Segment Open
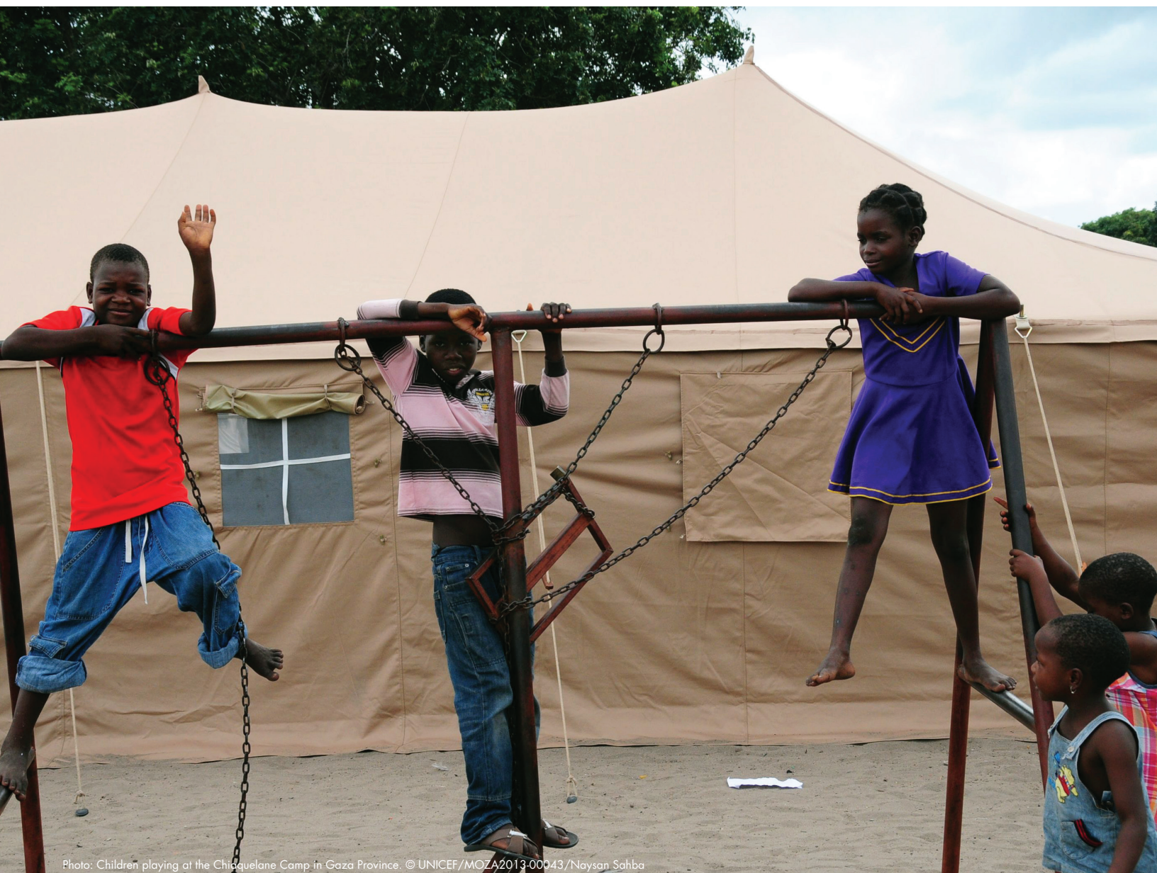
Photo: Children playing at the Chiquelane Camp in Gaza Province.

2013 FLOODS IN GAZA PROVINCE, MOZAMBIQUE
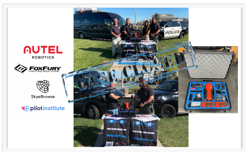
Drone donation number 43 Seaside Park police Department case closed

HEBRON, CT, UNITED STATES, September 30, 2022 / EINPresswire.com/ -- "In September of 2016, Seaside Park was the target of a terrorist bombing by Ahmad Khan Rahimi. Rahimi who was inspired by ISIS and al Qaeda planted an IED on our boardwalk, along the route for the Seaside Semper Five Marine Corps Charity 5K race. The start of the race was fortunately delayed, had the race
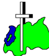
Eglise Presbiterienne Rwanda
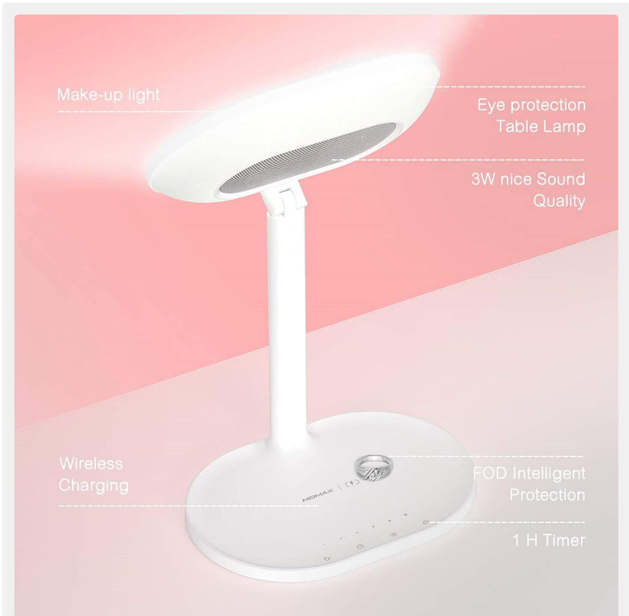
Figure 1: Overall view of the MOMAX Q.LED 4-in-1 Makeup Mirror, highlighting its integrated features including the makeup light, eye protection table lamp, 3W speaker, wireless charging pad, FOD intelligent protection, and 1-hour timer.
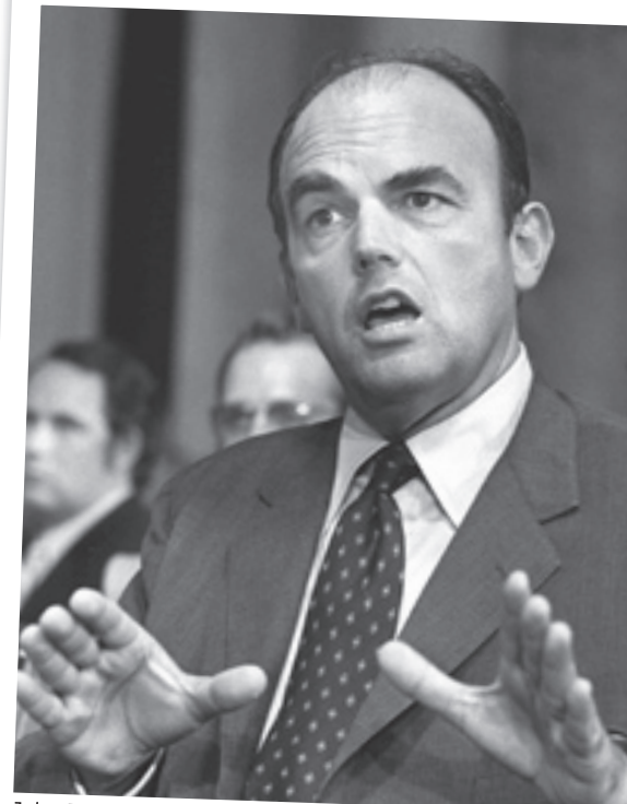
John D. Ehrlichman

"The thing that was so extraordinary about Woodward and Bernstein," Bradlee said, "is that they found out what was going on and that they did it quickly and they did it right."
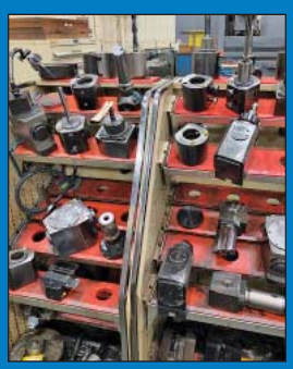
Large Quantity CNC Lathe Tooling
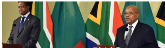
President Jacob Zuma with the President of the Republic of Zambia Edgar Lungu during the press conference, Union Buildings.

South Africa and Zambia's economic relationship continues to grow; over 120 South African companies are doing business in Zambia. The two Presidents addressed a Business Forum attended by more than 150 businessmen from both countries.
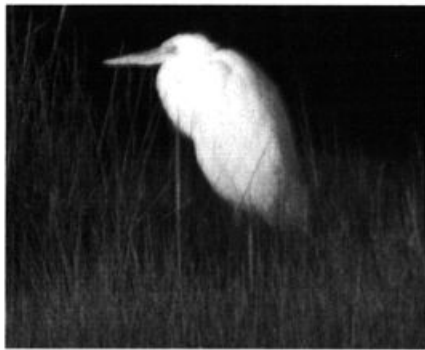
This Great White Heron at the 42nd Street Marsh at Ocean City, Worcester County 14 November 2004 provided only the second record of this subspecies for Maryland.
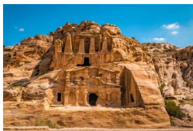
Obelisk Tomb in Petra
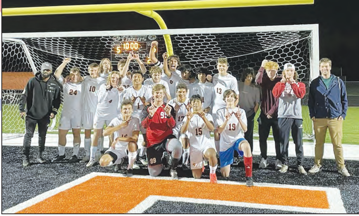
The Sparta boys soccer team pulled off the unlikely upset Tuesday night in the first round of the WIAA regional tournament as the eighth-seeded Spartans bested the top-seeded New Richmond Tigers in a shootout. Sparta won the game on penalty kicks after outscoring the Tigers 5-4 in the final tiebreaker scenario.

to shoot and his shot was saved to keep the score 1-0. New Richmond would go on to score tying it all up at one apiece.
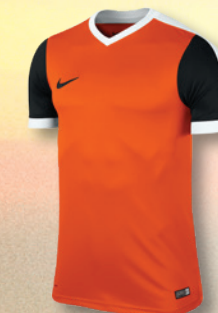
815 Safety Orange/Black/ White/(Black)
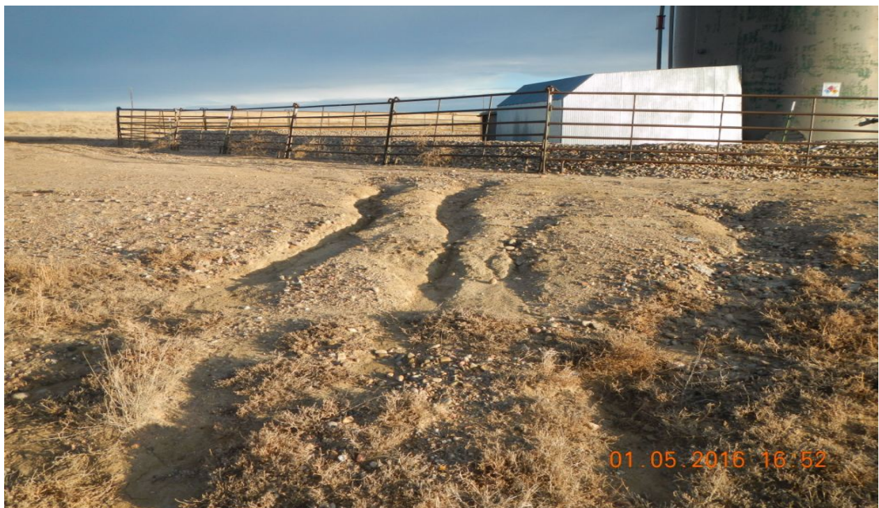
Photo 12: Erosion channels off the northwest side of the location.
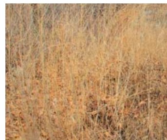
Figure 6: Macadam plots.

The mill uses the "strong down, first out of head, broken rod," the step-by-step overall work program, uniform design work machine width of 1.5 meters, double-roll structure, double rejection of knife thick
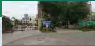
Raksha Enclave, Omega2, Greater Noida
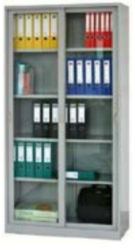
Model- VGD-2 Glass Door cupboard Size: 36" x 18"x 72"
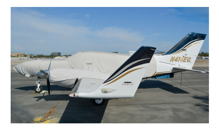
Cessna 414A Extended Canopy/Nose Cover & Engine Covers

This cover type is made from Silver Acrylic Sunbrella canvas and is 100% lined with a soft and smooth microfiber. Bruce's Custom Covers developed this material combination especially for aircraft protection. The outer material is medium weight and treated for water resistance, UV resistance and anti-static buildup. The inner lining is a very soft and smooth microfiber to prevent scratching. The material is very reflective, and tests show that the cabin interior temperature can be reduced to near-ambient temperature on the hottest of days. It is water, ice and snow repellent, yet breathable to allow moisture to escape from between the cover and the aircraft surface.
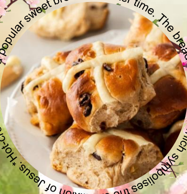
Hot cross buns are a popular sweet bread at Easter time. The bread has a cross which symbolises the crucifixion of Jesus. *Hot cross buns are a popular sweet bread at Easter time. The bread has a cross which symbolises the crucifixion of Jesus.
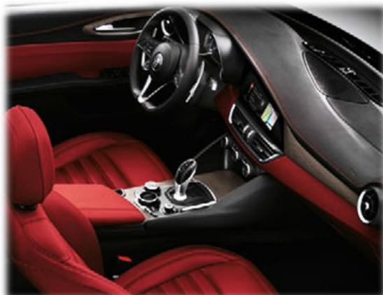
Red "Pieno Fiore" leather w/ Grey Oak inserts (Veloce interior code 562 + 9KV)
Segment Closed
## GOAL OF THE EXERCISE:
Pictures stay out; everything else in the listing above is to be repeated exactly.

## ANSWER FOR THIS EXERCISE:
Photo: Children playing at the Chiquelane Camp in Gaza Province.

2013 FLOODS IN GAZA PROVINCE, MOZAMBIQUE
Drone donation number 43 Seaside Park police Department case closed

HEBRON, CT, UNITED STATES, September 30, 2022 / EINPresswire.com/ -- "In September of 2016, Seaside Park was the target of a terrorist bombing by Ahmad Khan Rahimi. Rahimi who was inspired by ISIS and al Qaeda planted an IED on our boardwalk, along the route for the Seaside Semper Five Marine Corps Charity 5K race. The start of the race was fortunately delayed, had the race
Eglise Presbiterienne Rwanda
Figure 1: Overall view of the MOMAX Q.LED 4-in-1 Makeup Mirror, highlighting its integrated features including the makeup light, eye protection table lamp, 3W speaker, wireless charging pad, FOD intelligent protection, and 1-hour timer.
John D. Ehrlichman

"The thing that was so extraordinary about Woodward and Bernstein," Bradlee said, "is that they found out what was going on and that they did it quickly and they did it right."
Large Quantity CNC Lathe Tooling
President Jacob Zuma with the President of the Republic of Zambia Edgar Lungu during the press conference, Union Buildings.

South Africa and Zambia's economic relationship continues to grow; over 120 South African companies are doing business in Zambia. The two Presidents addressed a Business Forum attended by more than 150 businessmen from both countries.
This Great White Heron at the 42nd Street Marsh at Ocean City, Worcester County 14 November 2004 provided only the second record of this subspecies for Maryland.
Obelisk Tomb in Petra
The Sparta boys soccer team pulled off the unlikely upset Tuesday night in the first round of the WIAA regional tournament as the eighth-seeded Spartans bested the top-seeded New Richmond Tigers in a shootout. Sparta won the game on penalty kicks after outscoring the Tigers 5-4 in the final tiebreaker scenario.

to shoot and his shot was saved to keep the score 1-0. New Richmond would go on to score tying it all up at one apiece.
815 Safety Orange/Black/ White/(Black)
Photo 12: Erosion channels off the northwest side of the location.
Figure 6: Macadam plots.

The mill uses the "strong down, first out of head, broken rod," the step-by-step overall work program, uniform design work machine width of 1.5 meters, double-roll structure, double rejection of knife thick
Raksha Enclave, Omega2, Greater Noida
Model- VGD-2 Glass Door cupboard Size: 36" x 18"x 72"
Cessna 414A Extended Canopy/Nose Cover & Engine Covers

This cover type is made from Silver Acrylic Sunbrella canvas and is 100% lined with a soft and smooth microfiber. Bruce's Custom Covers developed this material combination especially for aircraft protection. The outer material is medium weight and treated for water resistance, UV resistance and anti-static buildup. The inner lining is a very soft and smooth microfiber to prevent scratching. The material is very reflective, and tests show that the cabin interior temperature can be reduced to near-ambient temperature on the hottest of days. It is water, ice and snow repellent, yet breathable to allow moisture to escape from between the cover and the aircraft surface.
Hot cross buns are a popular sweet bread at Easter time. The bread has a cross which symbolises the crucifixion of Jesus. *Hot cross buns are a popular sweet bread at Easter time. The bread has a cross which symbolises the crucifixion of Jesus.
Red "Pieno Fiore" leather w/ Grey Oak inserts (Veloce interior code 562 + 9KV)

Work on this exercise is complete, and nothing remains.